Data block:
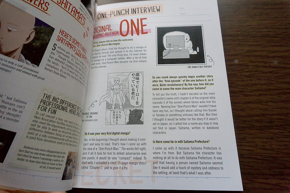 Included in the limited edition set is this booklet titled “One Punch Man Notes”. It’s filled with a lot of great content like character profiles (including all the monsters and bad guys), Genos’s journal, summaries, staff interviews and more. Interviews include notes from the original webcomic author One, the anime director, script writer, character designer and chief animation director and original story writer. You’ll also find the first chapter of the manga at the back. I read this before I watched episode 1 and it’s almost identical!
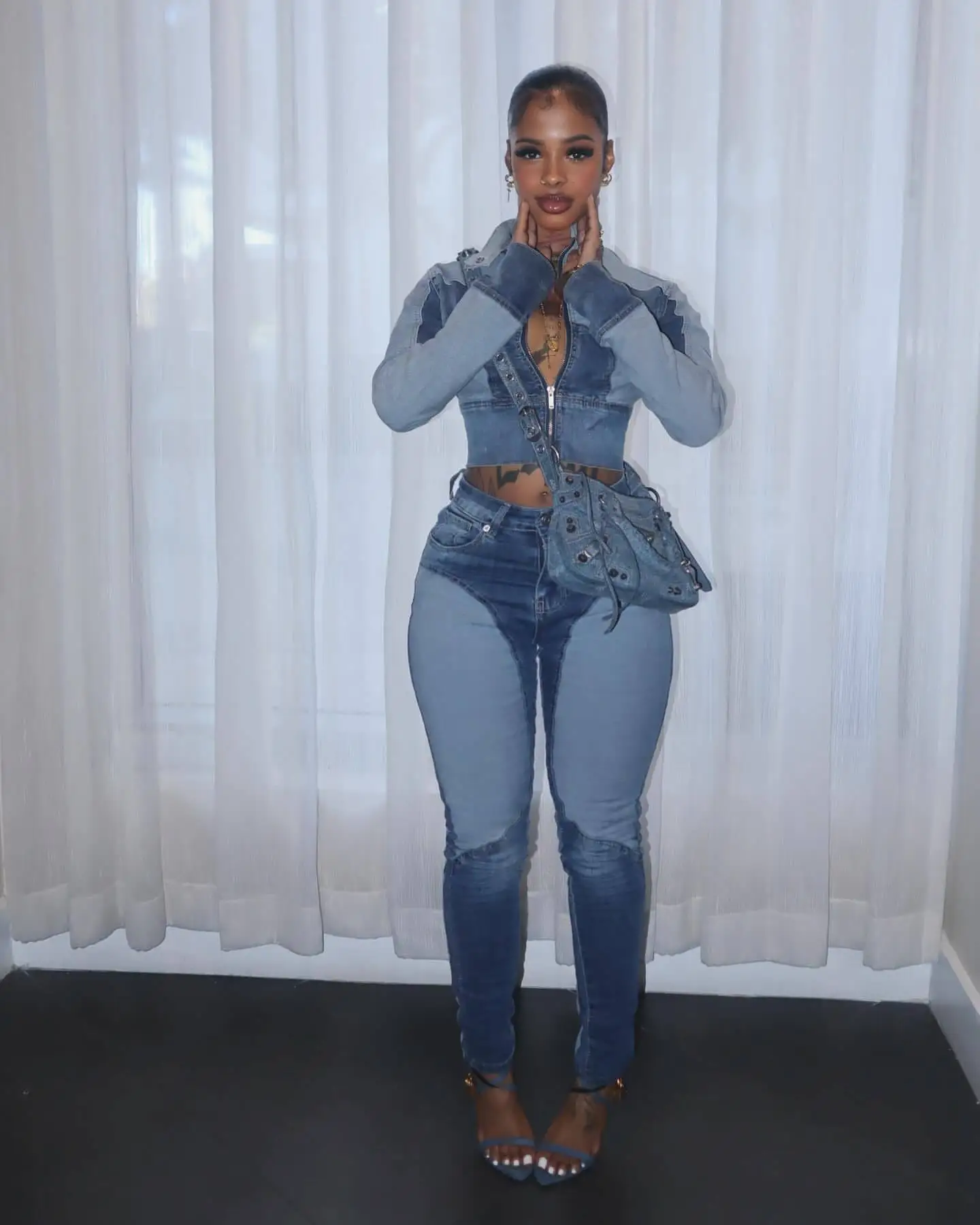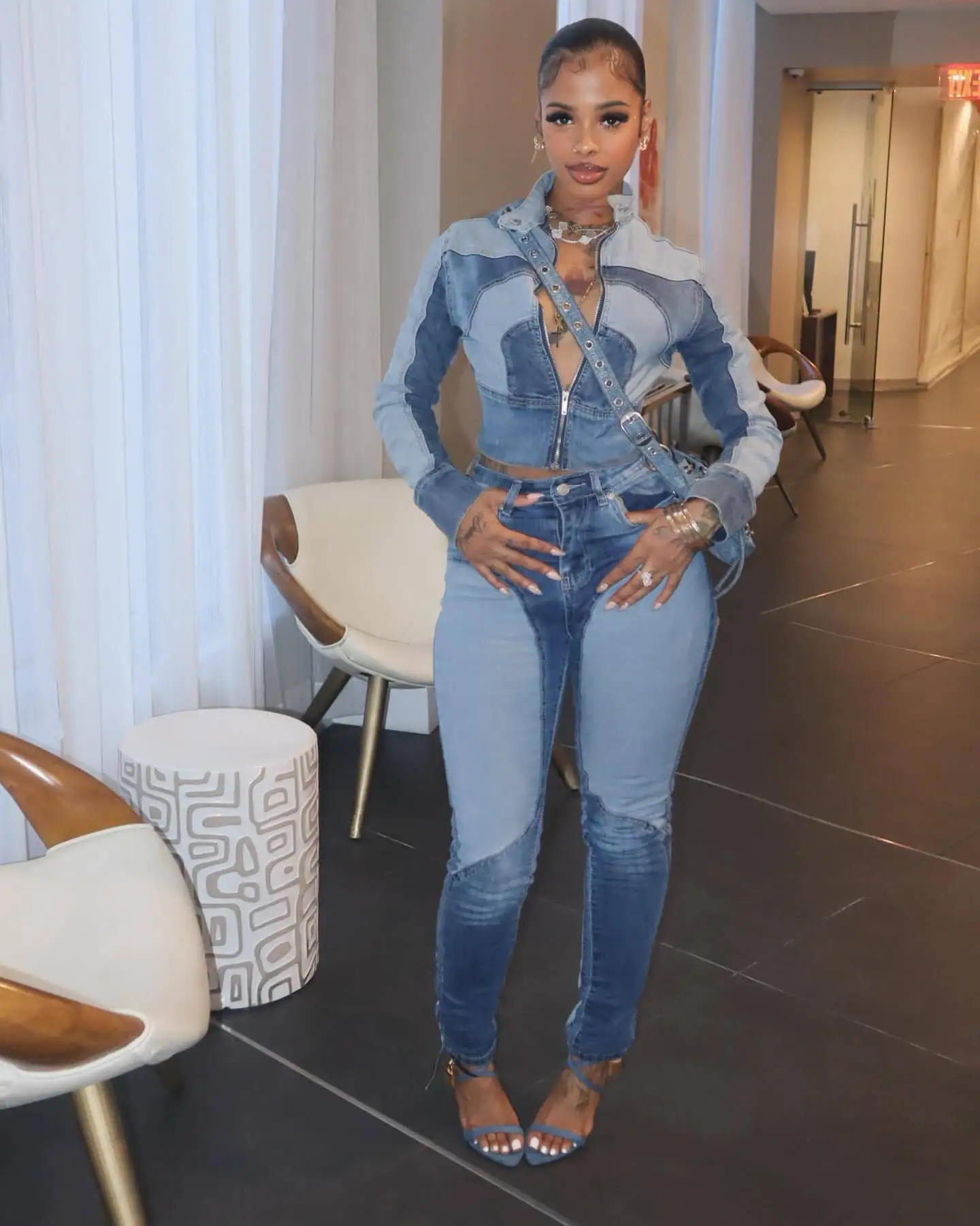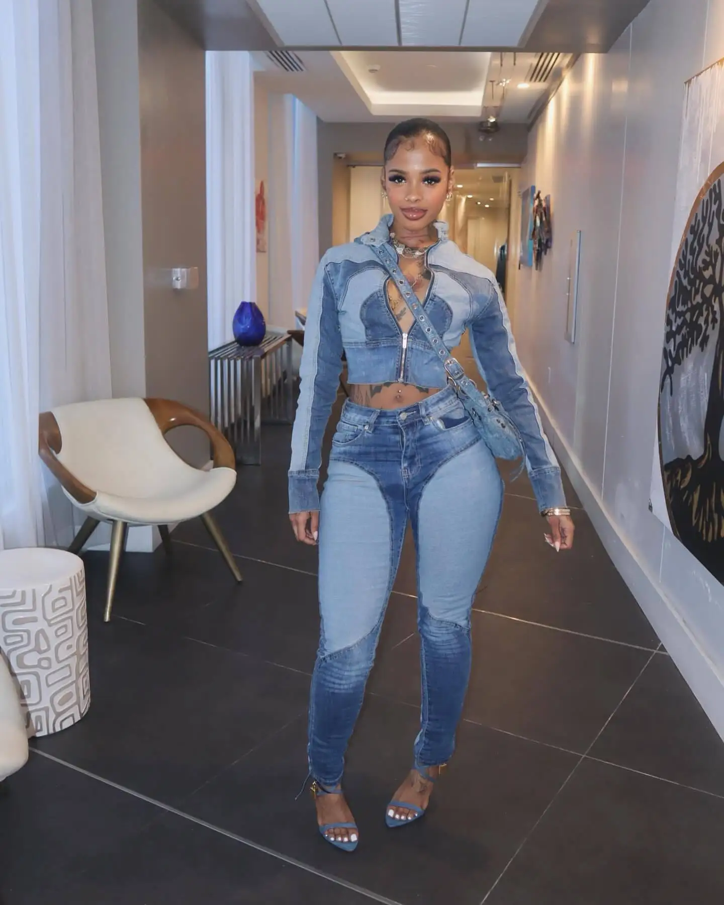 Spoken Dreams: Denim Long Sleeve Crop Jacket + Pants two piece set
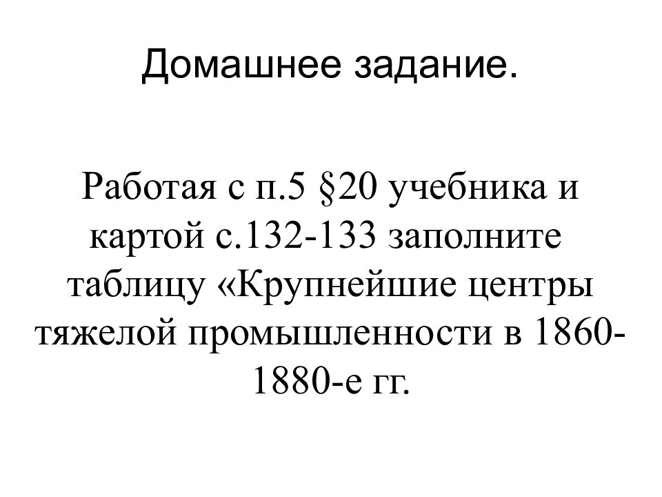 Работая с п.5 §20 учебника и картой с.132-133 заполните таблицу «Крупнейшие центры тяжелой промышленности в 1860-1880-е гг.
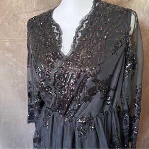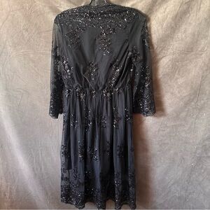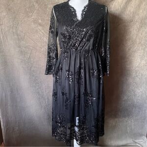 Black V-Neck Cocktail Dress with Lace and Sequined Floral Embellishments

Assigned task:
An exact repeat of all the data is required, pictures excluded.

Your response:
 Included in the limited edition set is this booklet titled “One Punch Man Notes”. It’s filled with a lot of great content like character profiles (including all the monsters and bad guys), Genos’s journal, summaries, staff interviews and more. Interviews include notes from the original webcomic author One, the anime director, script writer, character designer and chief animation director and original story writer. You’ll also find the first chapter of the manga at the back. I read this before I watched episode 1 and it’s almost identical!
 Spoken Dreams: Denim Long Sleeve Crop Jacket + Pants two piece set
 Работая с п.5 §20 учебника и картой с.132-133 заполните таблицу «Крупнейшие центры тяжелой промышленности в 1860-1880-е гг.
 Black V-Neck Cocktail Dress with Lace and Sequined Floral Embellishments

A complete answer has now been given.